Misoprostol is compatible with breast-feeding. Misoprostol passes into milk in small amounts with a relative infant dose of 0.04%. Due to this minimal amount of infant exposure, no infant adverse effects are expected.[70364] [70365] In clinical evaluation, maximum misoprostol acid concentrations were achieved in breast milk within 1 hour after dosing and were 7.6 pg/mL and 20.9 pg/mL after single 200 mg and 600 mg misoprostol doses, respectively. Concentrations of misoprostol acid in expressed breast milk declined to 1 pg/mL at 5 hours post-dose.[45834]

The safety and effectiveness of misoprostol have not been established in children.

Misoprostol can exacerbate intestinal inflammation and cause diarrhea in patients with inflammatory bowel disease (e.g., Crohn's disease or ulcerative colitis). Therefore, the drug should be used cautiously in these patients. Dehydration can occur due to misoprostol-induced diarrhea and patients who are predisposed to dehydration or diarrhea should be monitored carefully while receiving misoprostol.

The half-life of misoprostol is prolonged in patients with renal disease. Currently, dosage adjustments in the presence of renal impairment do not appear necessary; however, dosage adjustments may become warranted if the usual dose cannot be tolerated.

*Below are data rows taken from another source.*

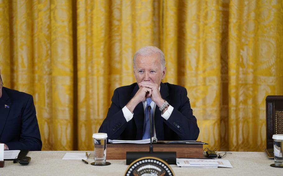 ប្រធានាធិបតីសហរដ្ឋអាមេរិក លោក Joe Biden ថ្លែងក្នុងកិច្ចប្រជុំ (រូបថត៖ Evan Vucci/AP) |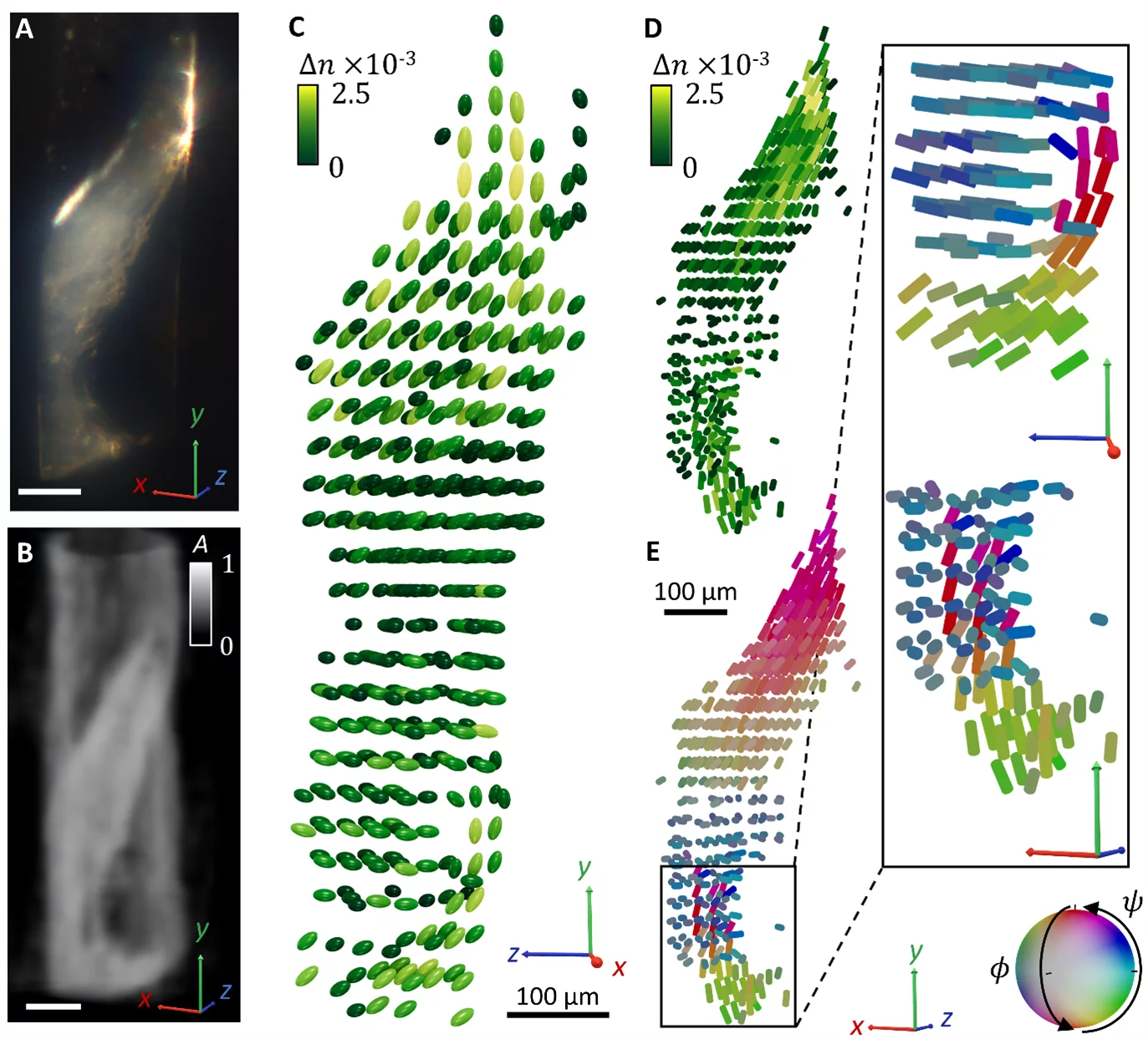 This home-built free space setup aims at measuring the polarizance of the sample in 3D. To do so, it performs multiple Mueller polarimetric acquisition (see setup Mueller Polarimetric Microscope) at different view of the sample in a tomographic fashion, i.e. at different tilts and rotation of the sample. Due to the use of visible light, the sample need to be thin enough to be always in focus and is therefore often milled into a small cylinder shape (~200 um). To remove unwanted edge scattering and lens effect, the sample is immersed in matching index liquid. Using a gradient based iterative algorithm, one can retrieve from those measurements the 3D birefringence properties of the sample, in its full volume. See https://doi.org/10.1002/advs.202502075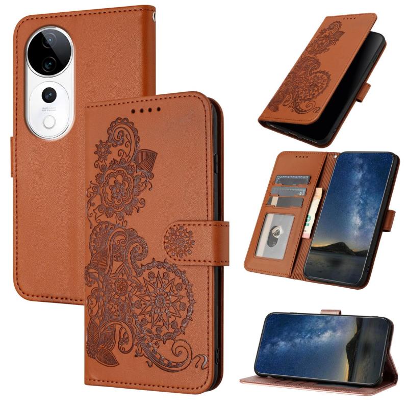 For vivo S19 Pro Datura Flower Embossed Flip Leather Phone Case(Brown)

Administer misoprostol cautiously to patients with pre-existing cardiac disease; although a causal relationship is unknown, patients receiving misoprostol have experienced cardiovascular adverse reactions (see Adverse Reactions).

Combination therapy of mifepristone and intravaginal misoprostol, when used for pregnancy termination, has been associated with cases of serious bacterial infection, including, although rare, fatal sepsis and septic shock. As of March 2006, 5 deaths due to serious bacterial infections and sepsis following the use of mifepristone and vaginal misoprostol have been reported in the US. Four of the 5 cases involved off-label dosing consisting of 200 mg of oral mifepristone followed by 800 mcg of intra-vaginally placed misoprostol. In 4 of the 5 cases, Clostridium sordellii has been identified as the causative organism; the circumstances of the additional death is being reviewed by the FDA. The FDA tested lots of both mifepristone and misoprostol tablets and did not find evidence of contamination with Clostridium sordellii. None of these patients presented with a fever; however, they did present with sinus tachycardia, low blood pressure, leukocytosis, and very high red blood cell counts. The patients also had other atypical symptoms including weakness, nausea/vomiting, or diarrhea with or without abdominal pain. No causal relationship has been established between these events and the mifepristone-misoprostol regimen for termination of pregnancy; however, the health care practitioners involved in the patient's evaluation and care should be alert to the possibility of such events. A sustained fever >= 100.4 degrees F, severe abdominal pain, pelvic tenderness, or prolonged heavy bleeding, more than 24 hours after a medical abortion may be an indication of infection and warrant intervention; however, practitioners should also be alert to atypical presentations including leukocytosis, tachycardia, hemoconcentration, syncope, and more general symptoms such as abdominal discomfort or general malaise (including weakness, nausea, vomiting, or diarrhea).